Another problem with these robot<>environment interactions is the reward function. First: non-monotonic loss. Although this isn’t a new problem, it’s amplified in this domain. Consider again walking across a park - simply moving forward might not be necessarily a good thing (collapsing forward will give you that), what you really want is the best combination of movements that drive you the most forward, and in a sustainable way. You need a lot of search space exploration. And that’s just for a simple task. Imagine cooking a pizza from scratch - how exactly does one gradient descend? Hmmm.
There are signs of improvement. MuZero lays out a general-purpose algorithm that learns a model that explains the environment, by learning its most important features. Their most-recent Robotics Transformers also look promising (although it can be hard to tell with robotics how real things are. Demos can be deceiving). Obviously other cool stuff from Tesla, with Optimus Gen 2 , and Boston Dynamics with their Atlas model.
RL is lagging behind other methods. We haven’t figured out a good way to program self-improvement, in complex environments, without human feedback. There might be a sense in which we’re optimising too much: in some cases it’s easier to train a model to optimise for a loss function than to define the loss function in the first place.

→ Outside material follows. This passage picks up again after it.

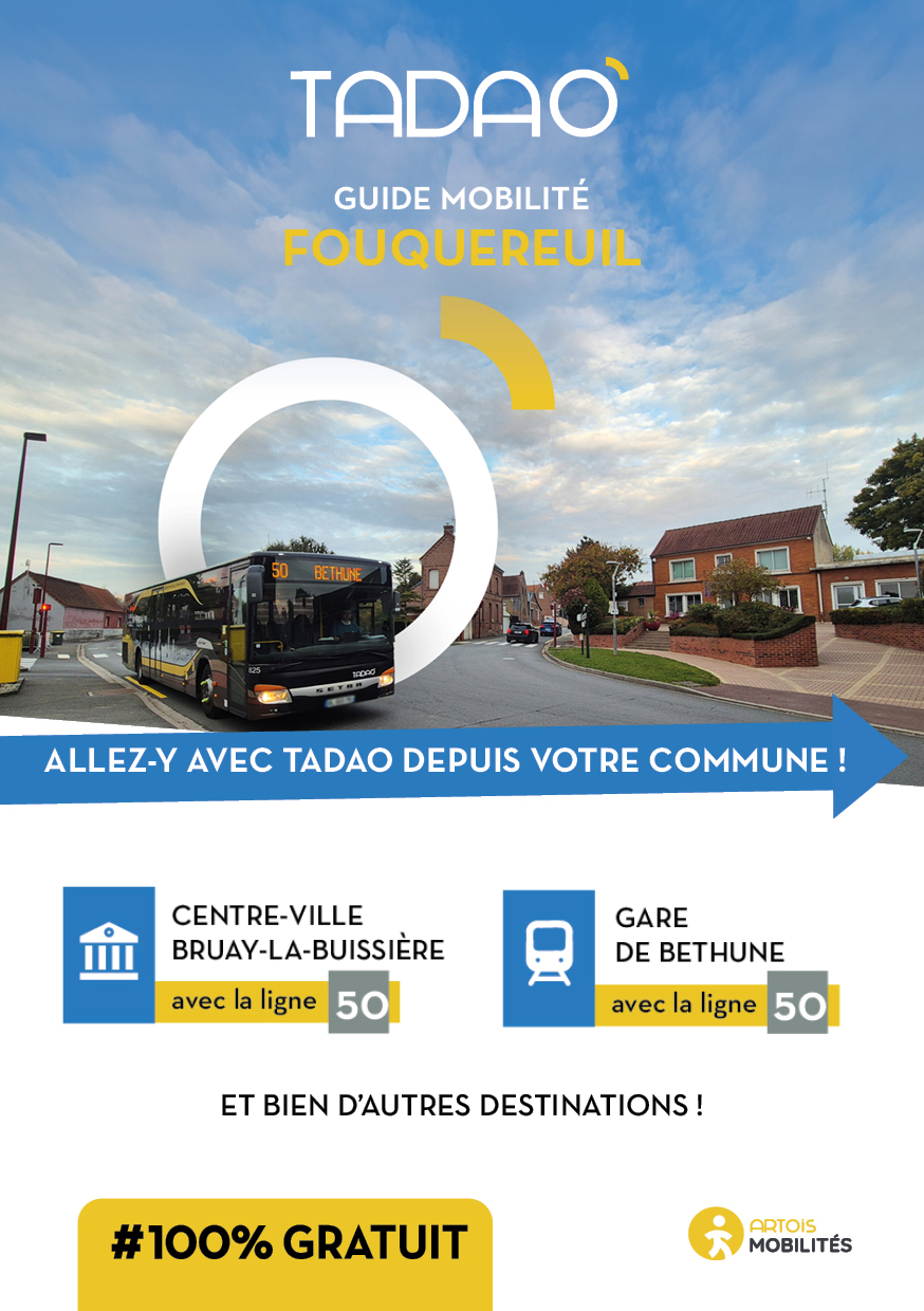 FOUQUEREUIL Les services TADAO sur la commune Télécharger le GUIDE de votre commune au format PDF Télécharger le GUIDE au format ZIP avec les JPEG Téléchargements Envoyer cette page par email : Votre demande a bien été prise en compte et sera traitée dès que possible Votre nom* Votre adresse email* Adresse du destinataire* Commentaire https://www.artois-mobilites.fr/fouquereuil/ Code de vérification* Envoyer *champs obligatoires

Even this whole loss function thing might be wrong. How, or, more importantly, why do humans learn? It’s not via pain, or loss. We explore. We mess around. We play. We are attracted to what interests us. We don’t really optimise, at all levels of biological complexity. There’s a reason you have 2 lungs (and 2 kidneys). Engineers would point out that we could greatly optimise the efficiency of the human body by removing this “superfluous” duplication. Optimisation = necessarily loss in robustness = exit gene pool (eventually). And we over-fit, making quick-and-dirty inferences left right and Chelsea. Because, again, we are not “designed” to be correct/efficient/optimised/the best, just to survive (and pass on genes). How this relates to learning, though, which is where this point started (oops), is not clear.
But I get the feeling this still doesn’t fully explain the fact that my fridge is more likely to be able to accurately predict what food I want to buy next week and order it for me than for some robot thing to boil me an egg.
There are also socioeconomic factors i.e. the concentration of talent working on these respective technologies. Cast your mind back to the hunting vs. car-driving problem. If we had lots and lots of engineers working on the former, we might be getting somewhere.
We are more interested in bits than atoms. People with engineering and science degrees aren’t working in labs or building machines. They’re writing code. Things that only require code to build, are far more likely to get built.